The producers of Talash couldn’t have come up with a more apt title for the movie. The movie forces one to ask hard questions about life’s mysteries — the most profound of which is guessing the nature of karmic circumstances that led Talash’s makers to believe that the footage playing at the cinema can, in fact, be deemed a motion picture.

I’m sure I can get to the bottom of the whats and whys of Talash’s origin easily enough (most of it is staring unblinkingly right at one’s face throughout the movie) — the real question, though, is: do I want to?

Naaah. Some mysteries are better left unsolved.

Talash is a near-sighted attempt to forcefully weld together two barbarities — an unrelenting NGO-backed infomercial and a genre-confused movie — into one confounding, two-hour package.

The premise sees Tania (Fariya Hassan), a young doctor in a health welfare programme called NSP (Nutrition Support Programme), coercing her superior to send a team to interior Sindh where her beau (Noman Sami), apparently, disappeared five months ago.

Talash is a near-sighted attempt to weld together two barbarities into one confounding package

I write apparently, because his phone isn’t responding, and she doesn’t know how to get in touch with him.

Rather than ask the organisation or the police to conduct a serious investigation, Tania forces her cousin Salim (Ahmed Zeb) — a colleague who also happens to be smitten by her — to go on a missing person’s search with her.

At a pit stop dhaba, she catches the fancy of a zany wadera (a local chieftain, Saleem Mairaj; a hoot) and his zanier set of guards, who chase them across the freeway into another chieftain’s territory. In no mood to trespass boundaries, the villain all but exits the story.

The mystery of the missing doctor clears up soon enough (it wasn’t really a mystery, and to be honest, no one — including the moviemakers — treated it as such). Without much of a story left to get into, the reveal gives Talash’s makers an open pass to launch a barrage of unrelenting public service messages at the audience.

Some of the arguments put up during these moments are explicitly engineered to make townsfolk look like dimwits who say and practice things that defy logic (the necessity of breast-feeding a child, for example, becomes a regularly answered question that no one asked in the first place).

But fear not, because the brave — and very carefree — doctors of the NSP are there to combat illiteracy.

Yay! ... not.

With little conflict, and even lesser resolves left in its premise, Talash’s writer-director Zeekay has little choice but to invent drama on the go to move things along. Woe, then, to the audience because every lead character is a one-dimensional twat in a soppy doctors-in-love melodrama (the same niche genre gave us ER and Grey’s Anatomy on TV).

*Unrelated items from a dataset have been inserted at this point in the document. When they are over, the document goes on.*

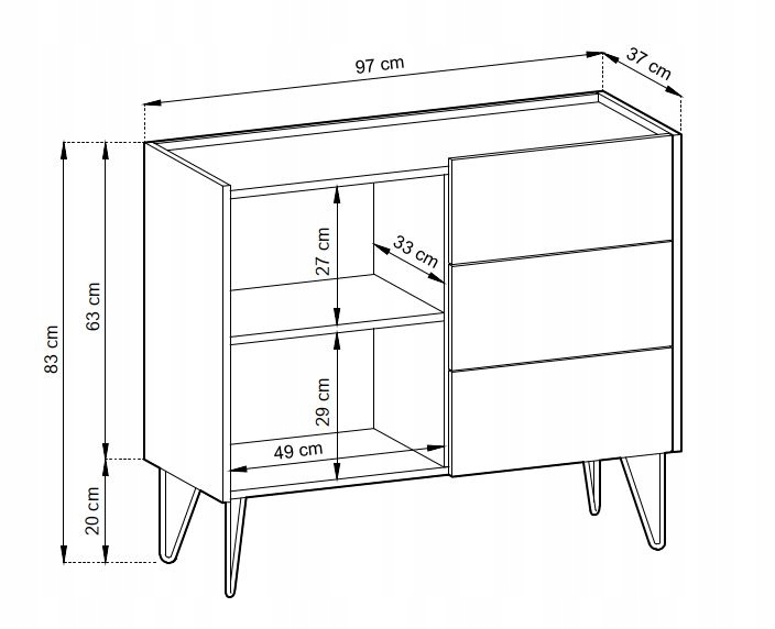 Komoda HARMONY to doskonałe połączenie funkcjonalności i elegancji, idealna do każdego wnętrza, które stawia na praktyczność oraz stylowy wygląd. Komoda wyposażona jest w jedne drzwi oraz trzy pojemne szuflady, co zapewnia mnóstwo miejsca do przechowywania różnych przedmiotów, od odzieży, po akcesoria domowe. Drzwiczki otwierają się za pomocą wysuniętych krawędzi, a szuflady działają w systemie PUSH TO OPEN, co umożliwia łatwe i bezproblemowe otwieranie bez uchwytów, zachowując minimalistyczny charakter.
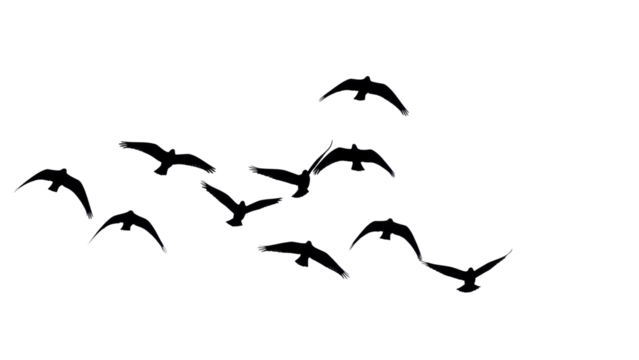 Stylized bird silhouettes soaring on transparent background
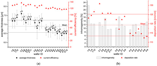 (a) Average thickness [µm] and current efficiency [%] for different wafer lots on the Al seed layer. (b) Inhomogeneity [%] and deposition rate [nm/min] for different wafer lots on Al seed. The dashed lines indicate the mean value of the average thickness (a) and deposition rate (b). The solid lines indicate the standard deviation of those.
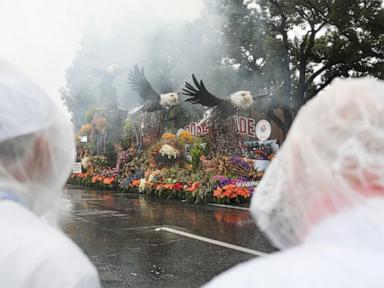 Rained poured down on the iconic Rose Parade for the first time in 20 years
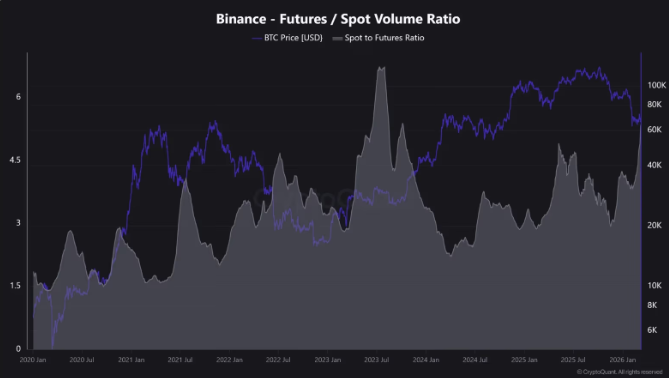 Bitcoin futures trading on Binance has grown to over five times the volume of spot trading, with the futures to-spot ratio reaching 5.1, the highest since mid-2023. This shift indicates a structural change in market behavior, where leveraged positions increasingly drive price movements rather than traditional buying and selling.
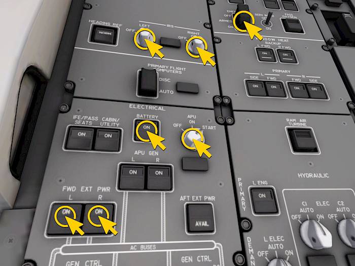 - If you see the forward external power left and right (FWD EXT PWR L, R) “AVAIL” lights then go ahead and push the two switches in to use the external power supply to ON.

Throughout the movie, Salim, who plays the side hero-cum-comic relief, wishes for Tania to notice his feelings for her. On the other hand, he is unapologetically hounded by another female colleague — a comic relief for a comic relief, that introduces more groans than laughs. By the end it’s unclear who he ends up with (another item to search for in Talash, I suppose).

Truth be told, Salim is in love with himself, because the poor sap can’t stop taking selfies.

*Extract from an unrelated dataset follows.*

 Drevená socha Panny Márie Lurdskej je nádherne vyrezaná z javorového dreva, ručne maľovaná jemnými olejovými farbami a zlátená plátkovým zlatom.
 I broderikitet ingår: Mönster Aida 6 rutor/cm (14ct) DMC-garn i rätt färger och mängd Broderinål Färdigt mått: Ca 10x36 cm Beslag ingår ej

Tania, on the other hand, is also in love with herself. From what we see, she is an argumentative, easily offended, high-society bimbo who wants the world to revolve round her whims.

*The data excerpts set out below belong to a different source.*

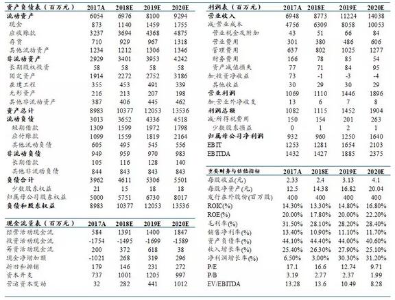 數(shù)據(jù)來(lái)源:卓創(chuàng)資訊,東吳證券研究所 上半年公司匯兌損失約0.23億,隨著人民幣貶值趨勢(shì)持續(xù),預(yù)計(jì)全年匯兌盈虧平衡。 預(yù)計(jì)18-20年裕同科技營(yíng)收87.7億元、112.2億元、140.4億元(+26.3%、+27.9%、+25.1%),歸母凈利9.6億元、12.5億元、16.4億元(+3.0%、+30.3%、+31.2%),但預(yù)估客戶拓展不達(dá)預(yù)期,原材料價(jià)格上漲。 裕同科技三大財(cái)務(wù)預(yù)測(cè)表:
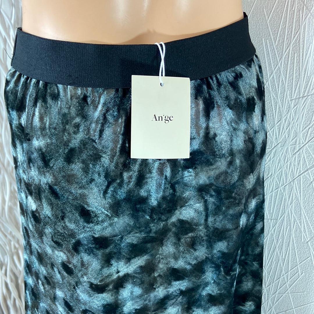 Jupe midi velours lisse gris anthracite taille élastique coupe droite effet satin An’ge
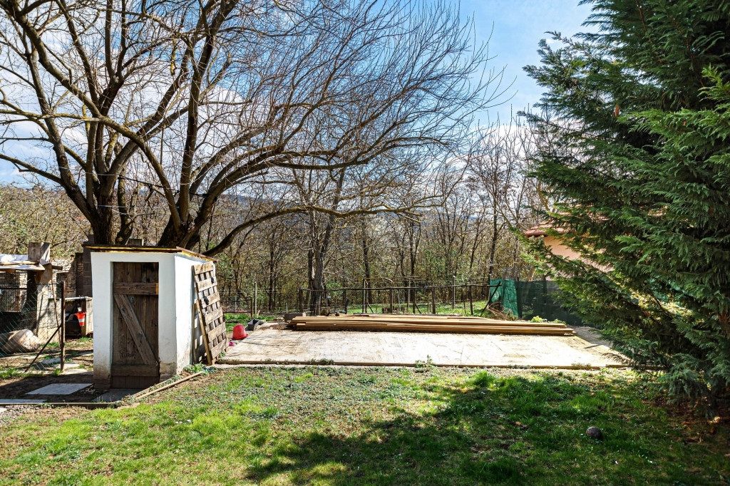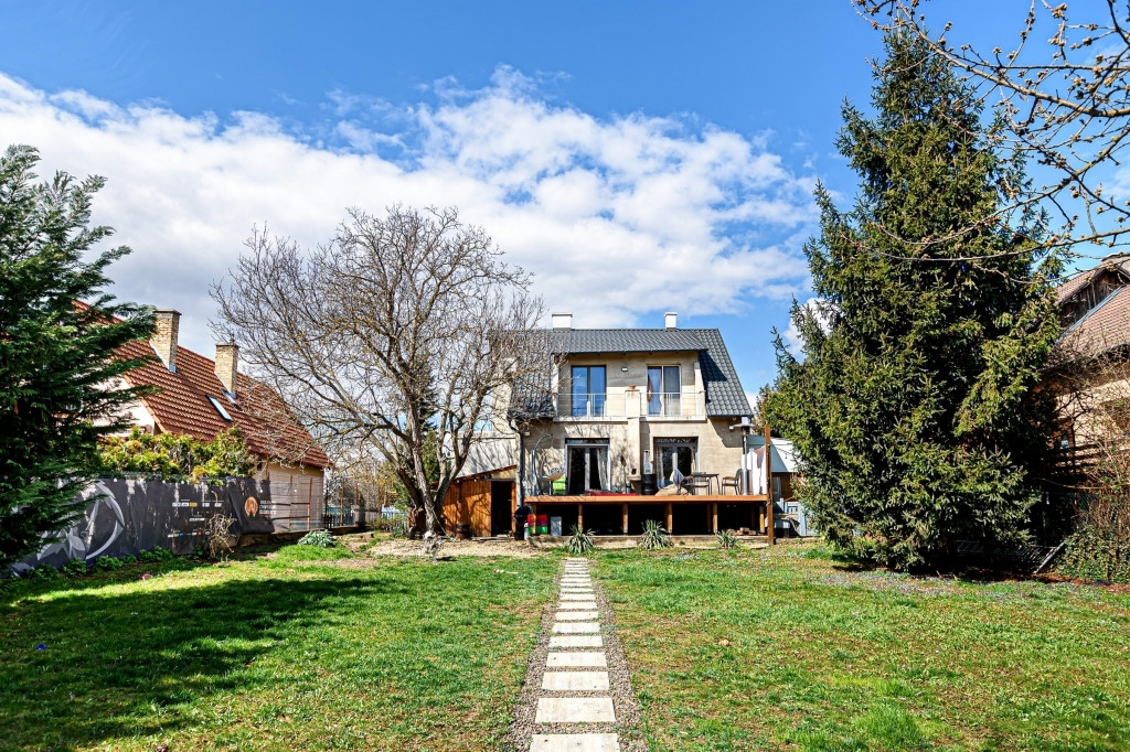 Az épület 1989-ben épült, jó állapotú, két szintes családi ház, mely egy 1096 nm-es teleken helyezkedik el, hátsó kertkapcsolat az erdővel és a Forrás patakkal. Az ingatlant különálló garázs egészíti ki, amely biztonságos parkolást biztosít, a ház előtt pedig 4 autó parkolásának kialakított parkolási lehetőség adott. A ház téglából épült, szigetelt és a felújítást követően a színezés az új tulajdonos elképzelései szerint valósulhat meg... A nappaliból nyíló nagy délnyugati fekvésű, terasz 20 nm-es, közvetlen kertkapcsolattal rendelkezik egy hatalmas diófa árnyékában.
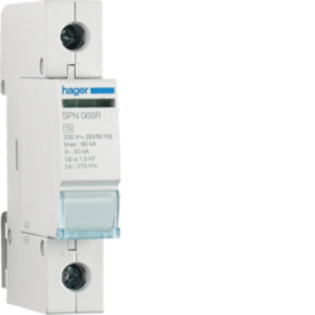 Descărcător supratensiune 1P 65kA debroșabil+contact Hager
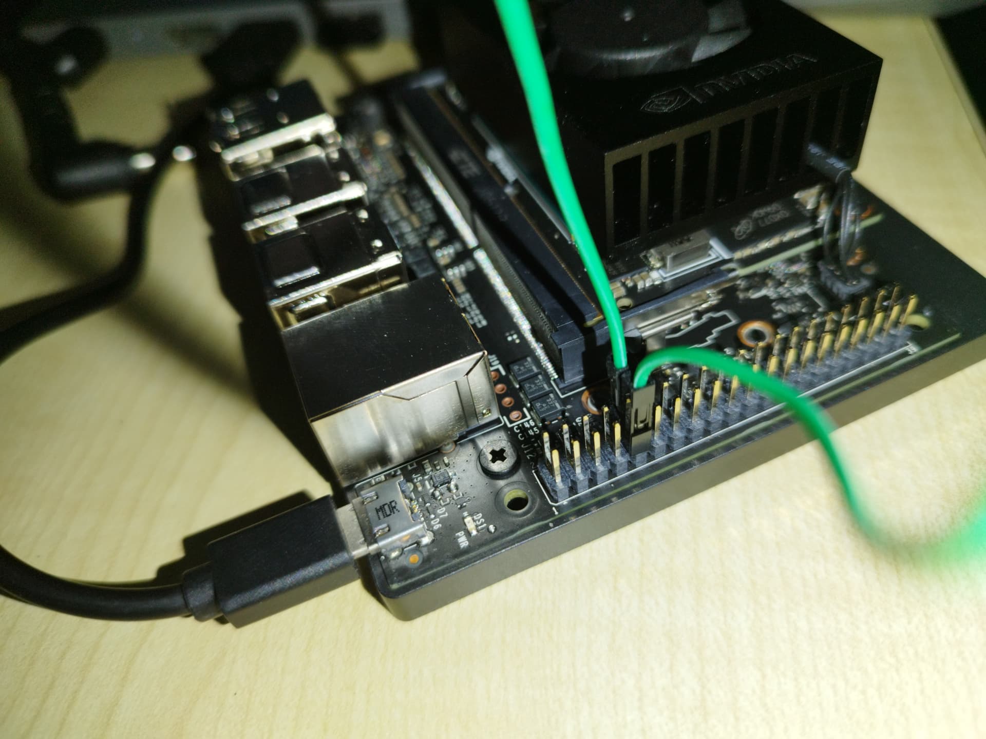 what i did is connecting jumper wire from 9 to 10, and connect hdmi to a monitor and also micro usb to my ubuntu. Then i connect the power cable to J16. My monitor still shows the same thing as before, no logo or anything, just blackscreen, power light is on, but fan is not moving and i use the lsusb command on my ubuntu there is no nx detected

Early in the movie, dressed in skin-tight designer jeans and a t-shirt, Tania nonchalantly ignores what country bumpkins think of her attire, screaming bloody murder at whatever she believes is injustice. Less than an hour into the movie, she and Salim crash a wedding party where she disrespectfully calls the happy attendees barbarians because they are marrying off a 16-year-old girl (she looks about that age on screen).

The bride, nor the townsfolk, see the wedding as an issue. One guest — a chieftain’s wife — tells Tania that it’s impolite for uninvited visitors to raise hell when they don’t understand (or in Tania’s case, choose not to understand), the customs of the land. Unlike Tania, the chieftain’s wife has the calm authority of a mature adult.

Ten minutes later (or was that earlier), Tania treats a pregnant woman who also tells her off for being an over-educated city bimbo who can’t digest different cultures.

In these moments, one wonders if the screenwriter actually hates Tania himself.

Unsurprisingly, Tania embodies the very gist of Talash. She is a living breathing personification of the NGO’s ideals, who is emotionally all over the place, very much like the haphazard tone of the movie.

Every other scene is riddled with forced comedy, as if the director was unwilling to stick to a particular genre — or desperately wanted the movie to be a family entertainer.

By the end credits (which includes a very long, parodic action sequence), one leaves the cinema hall in a state of stupefaction. It’s a feeling that leads one to seek out the complex questions in life —like, what compelled one to sit through a two-hour infomercial for an NGO?

Questions like this only hurt one’s head. Some questions, no matter how easy they are to answer, are better left ignored.